METTA WORLD PEACE is cool with JASON COLLINS' sexual orientation. He Tweeted, quote, "I've got gay friends, gay people who work for me. It's not like anything out of the norm."
But that's not the weird part. At his press conference yesterday, Metta showed up in a bright blue Cookie Monster shirt . . . and when he was asked about Jason's announcement, he said this:
Quote, "Whether it's a free country or not, you should be free to act as you want to do as long as it's not violent. No matter what it is. I came here in a Cookie Monster shirt because I wanted to. And I was going to wear the pants. But I thought you guys were going to judge me. I was going to wear the hat too. But I thought you guys would judge me . . . so that's why I didn't wear the hats and the pants. But I should've wore it.You should be free to do and act how you want to act."
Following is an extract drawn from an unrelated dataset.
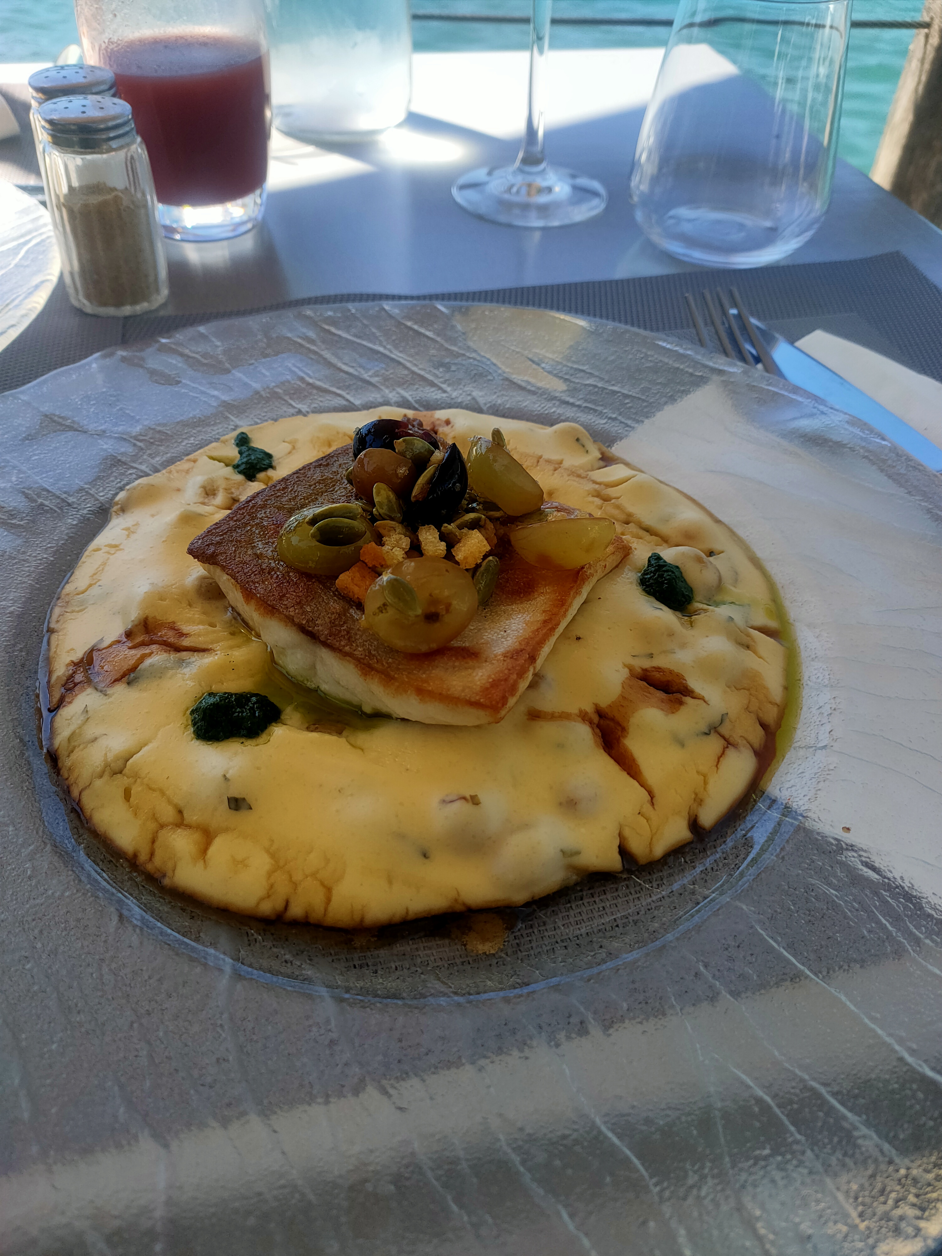 Un service poussif, 90 mn à attendre avec une bouteille en plein soleil dans l'attente d'une place a l'ombre sur l'embarcadère au lieu des 30 mn annoncees et ca finira en plein soleil alors que d'autres arrivent et sont placés convenablement. La commande forcée alors qu'on demande à changer de place on essaye de vous faire de l'ombre. Des prix de gastro surfait par rapport à l'assiette. Le service est aimable mais....

See Metta in his Cookie Monster shirt on today’s blog pics.
She was arrested in Atlanta over the weekend, then apologized for her comments, and is now trying to keep a low profile. See what her plan is for today with the Celebrity To Do List of Reese Witherspoon.
8:00 A.M. Wake up, brush teeth, chug bottle of mouthwash.
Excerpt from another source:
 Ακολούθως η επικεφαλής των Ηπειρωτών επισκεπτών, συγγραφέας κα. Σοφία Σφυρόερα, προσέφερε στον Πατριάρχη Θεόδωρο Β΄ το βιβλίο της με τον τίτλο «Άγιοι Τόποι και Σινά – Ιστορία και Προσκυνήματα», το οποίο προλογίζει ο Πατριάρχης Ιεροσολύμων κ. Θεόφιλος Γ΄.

8:10 A.M. Look at the most awesome person in the world and acknowledge how much I love them. Then turn from mirror and say hi to husband.
8:30 A.M. Wake myself up with a cup of coffee. Irish coffee. 9:20 A.M. Start reading script for "Legally Blonde 13".
10:00 A.M. Wonder how I'm going to support my dependents: my three kids and Ryan Phillippe.
11:00 A.M. Yell at someone for not knowing who I am.
11:40 A.M. Review the box office returns of my last six movies. Realize there's a reason nobody knows who I am.
1:00 P.M. Struggle to find someone in Hollywood with MORE forehead. Fail.
1:30 P.M. Meet with agent to decide what movie to make: the one where I play a perky blonde in a love triangle, or the one where I play a perky blonde in a love triangle.
11:30 P.M. Watch myself in "Election" and “Freeway” before going to sleep. Wonder what the hell happened with my career.
Here's how much celebrities hate the paparazzi: ANNE HATHAWAY actually got into a stranger's car to avoid them at Los Angeles International Airport.
Since her ride wasn't there yet and she wanted to get away from the photographer who was hounding her, she asked the driver if she could wait in his car until hers arrived.